Sales tax distributions for the first two months of 2010 were the lowest since 2005 for Spokane, Spokane County, Spokane Valley and the Spokane Transit Authority.
Because of the increased cost of doing business, largely from of salary increases and the spiking costs of health insurance, local governments usually need rising tax revenue to maintain services with the same number of employees.
Sales taxes are only one source of revenue, but they are a signficant one, especially for STA, which doesn’t have property or utility taxes.
In the middle part of the decade Spokane was on an incredible ride, but the recession has wiped out much of the gain. In fact, Spokane is now collecting fewer sales taxes than it did in 2001 if you consider inflation.
Inflation has risen about 22 percent since 2001. The City of Spokane’s sales tax revenue, at least in the first two months of the year, is up only 16 percent in the same period.
Sales tax distributions lag two months behind their actual collection from customers, so January and Feburary distributions generally were collected in November and December.

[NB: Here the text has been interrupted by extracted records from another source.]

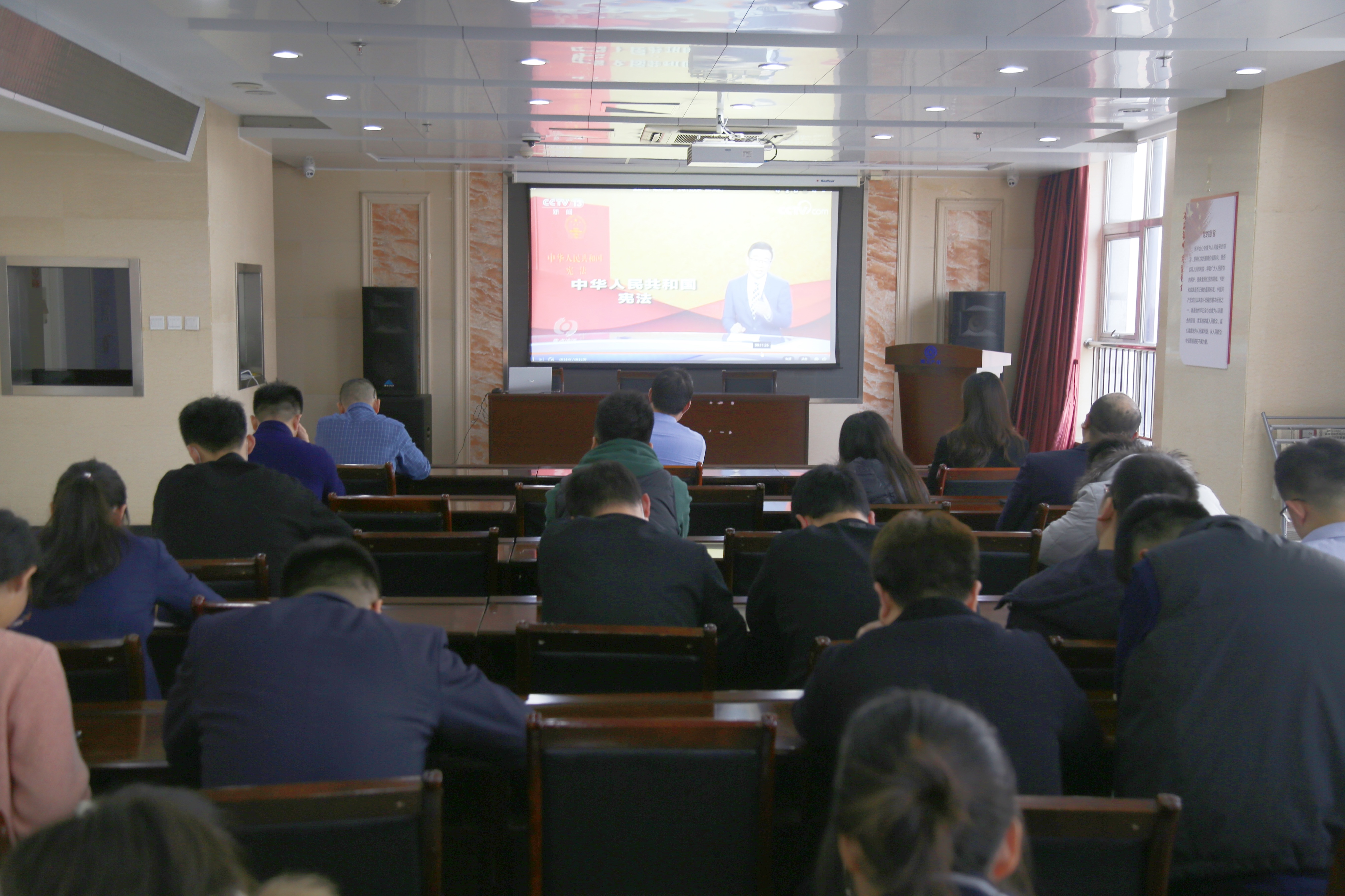 活動中,視頻教學方式,向全體職工干部宣講與生活息息相關(guān)的法律法規(guī)、糾紛化解等相關(guān)憲法知識,積極引導職工遵法、學法、懂法、用法,遇事找法、解決問題靠法。
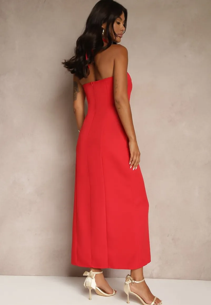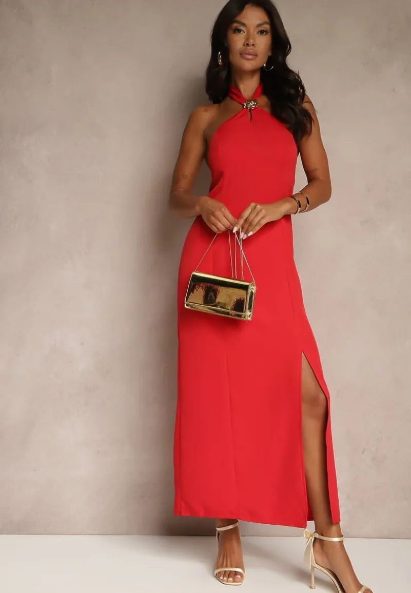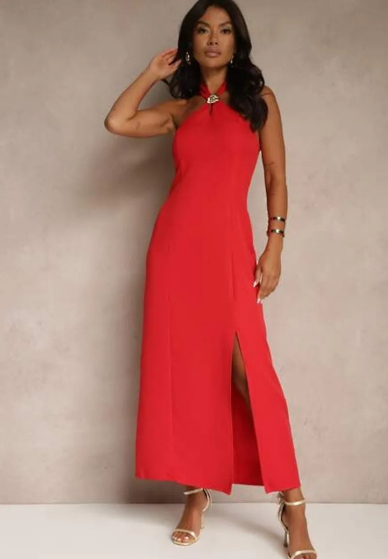 Czerwona Sukienka z Wiskozą z Dekoltem Halter i Ozdobną Broszką Naliannae
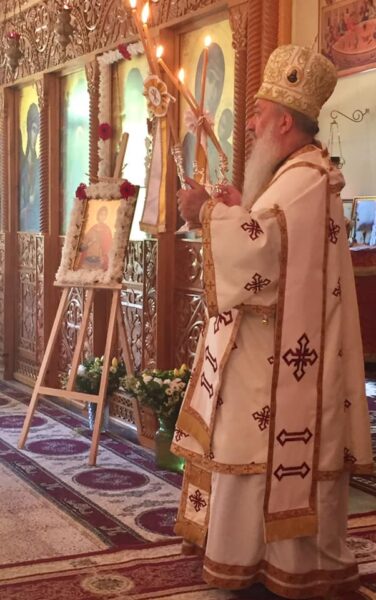 Της ακολουθίας του Όρθρου και της Θείας Λειτουργίας που τελέστηκε προεξήρχε ο Μητροπολίτης Αμαντίας κ. Ναθαναήλ, ενώ ακολούθησε και περιφορά της Ιεράς εικόνας πέριξ του ναού.
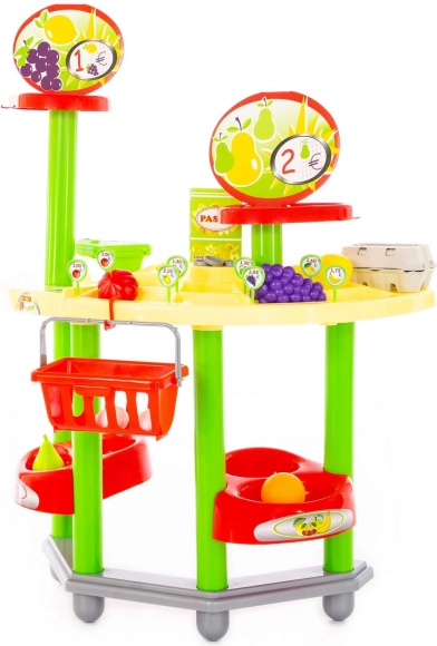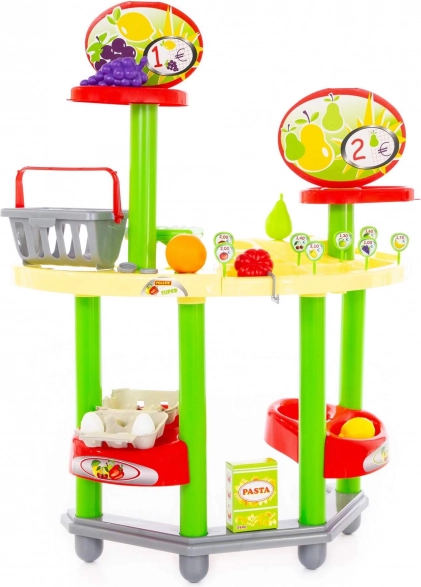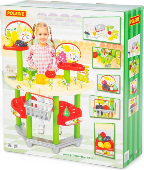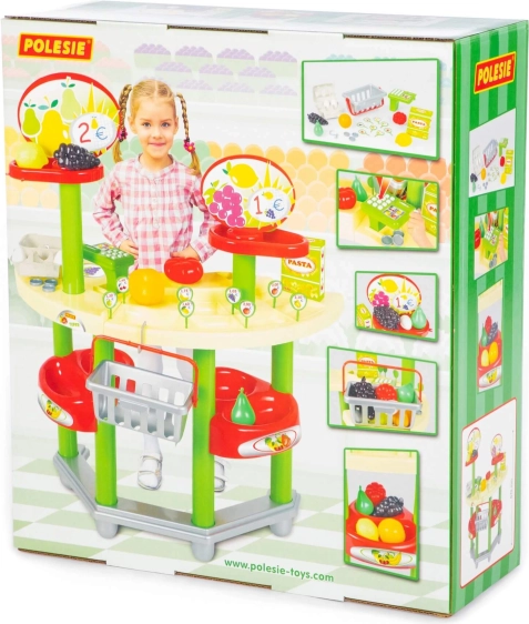 Színes és funkcionális gyerek szupermarket a Polesie márkától, amely elbűvöli a kis kereskedőket. Kínál pultot kasszával, árutartó rekeszeket és bevásárlókosarat az élethű boltos játékhoz. Támogatja a kommunikációs készségek és az alapvető matematikai képességek fejlődését az árak kiszámításakor és a visszajáró kezelésénél. Kiváló minőségű, nem mérgező műanyagból készült, biztonságos 3 éves kortól.

Officials hope to see a spike next month relating to the U.S. Figure Skating Championships held in January.
Now, a few notes on the graphic:
1. STA’s tax revenue spiked in 2005 because voters approved a higher rate.
2. Spokane Valley didn’t start collecting sales taxes until 2004 after voters agreed to incorporate the city.
3. Spokane County’s collections dipped significantly in 2004 as a result of Spokane Valley’s vote to become a city.